The specific theme of the High Road originated in 2012, during a staff assessment of the organization’s status and goals. The concept was presented to the organization’s board in early 2013, and the board adopted it as the basis of a strategic plan.


“The catalyst was the upcoming 50th anniversary,” Ames said. “We wanted to hit that at the highest level we could.”


Ames said one impetus for the High Road campaign was a desire to pull together the organization’s activities under a clear goal to which the public could relate.


“We’ve always worked from project to project,” he said. “That has been effective. But from the outside, there did not seem to be an overarching vision. The High Road gives our work … a more coherent public focus.”


Ames added that the High Road will complement, but not pre-empt, the organization’s other goals and activities.


“Other values will continue to factor into our land conservation activities, such as protecting scenic views, habitats and agricultural land,” he said. “We will also still work to preserve land that may not be appropriate for trails.”


A quiet $5 million fund-raising campaign to provide seed money for the High Road initiative was launched prior to the recent public rollout. This effort already has raised $4.5 million, and the group is now turning to the general public to solicit the rest.
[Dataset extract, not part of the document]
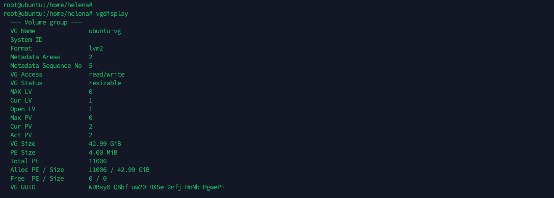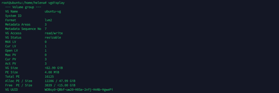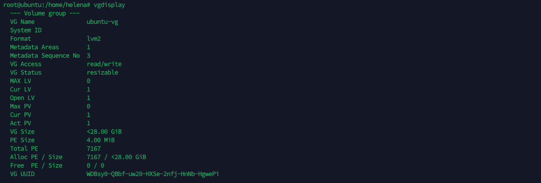 To see the Volume Group, run “vgdisplay”. Here we can see the VG “ubuntu-vg” with the size of 28GB and 0 free Physical Extend (PE) Size
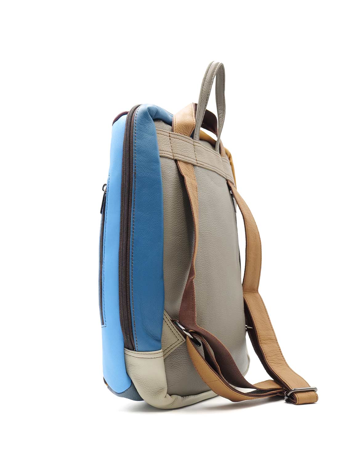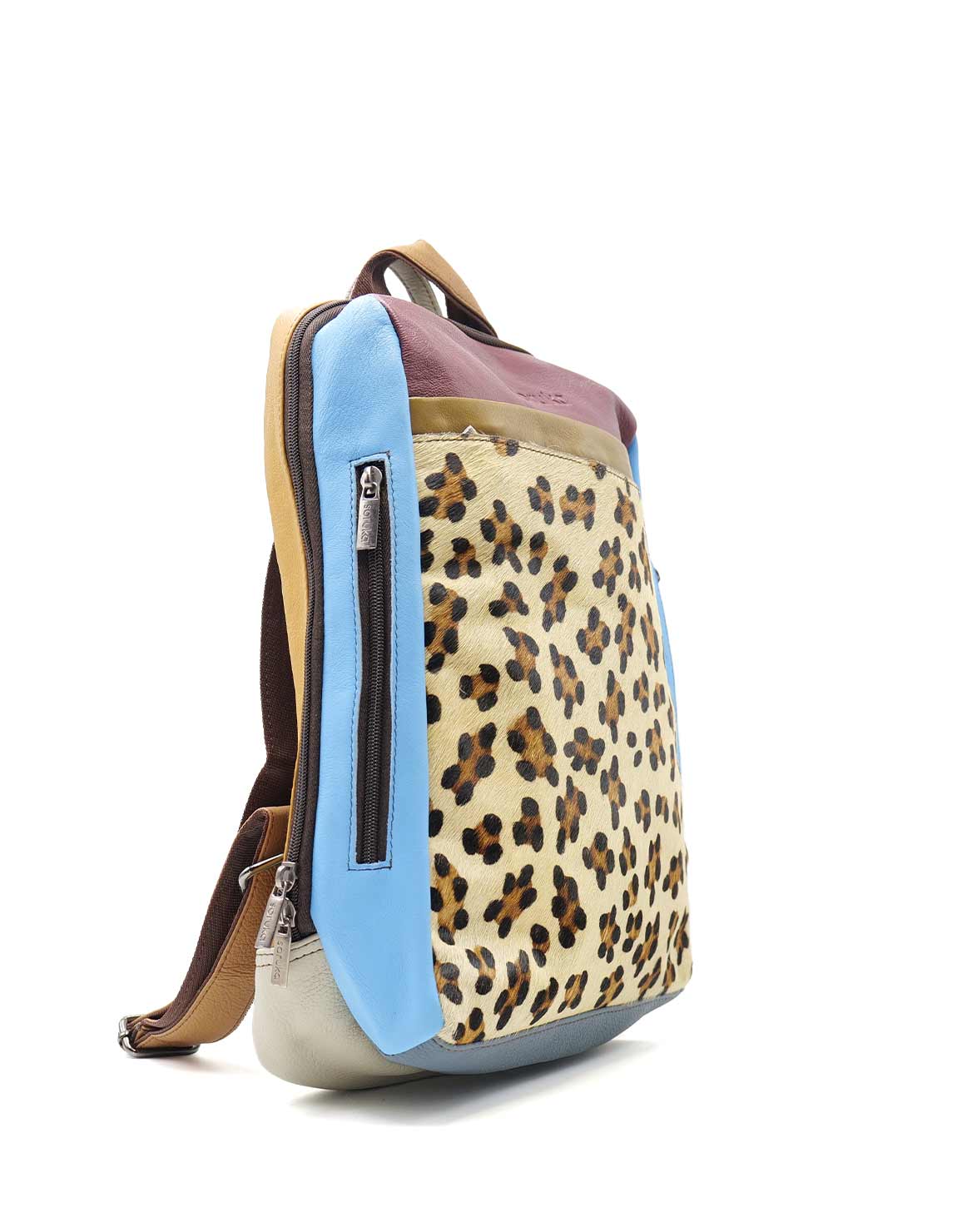 100% Recycled Leather Backpack with Aniamal Print. Beautiful Eco-friendly Handmade Laptop Bag in Shades of Brown, Blue and with Animal Print.

Donations to the effort will be designated for three purposes, including $2.5 million for short-term acquisition of essential lands and trail easements; $500,000 to build trails, parking areas, signs and other elements; and $2 million for long-term stewardship of conservation lands and trails.
The $5 million is a starting point for the overall project, which ultimately is projected to cost at least $100 million.


The Berkshires Natural Resources Council has set up a new Web page (www.bnrc.org/the-high-road) with more information about the initiative.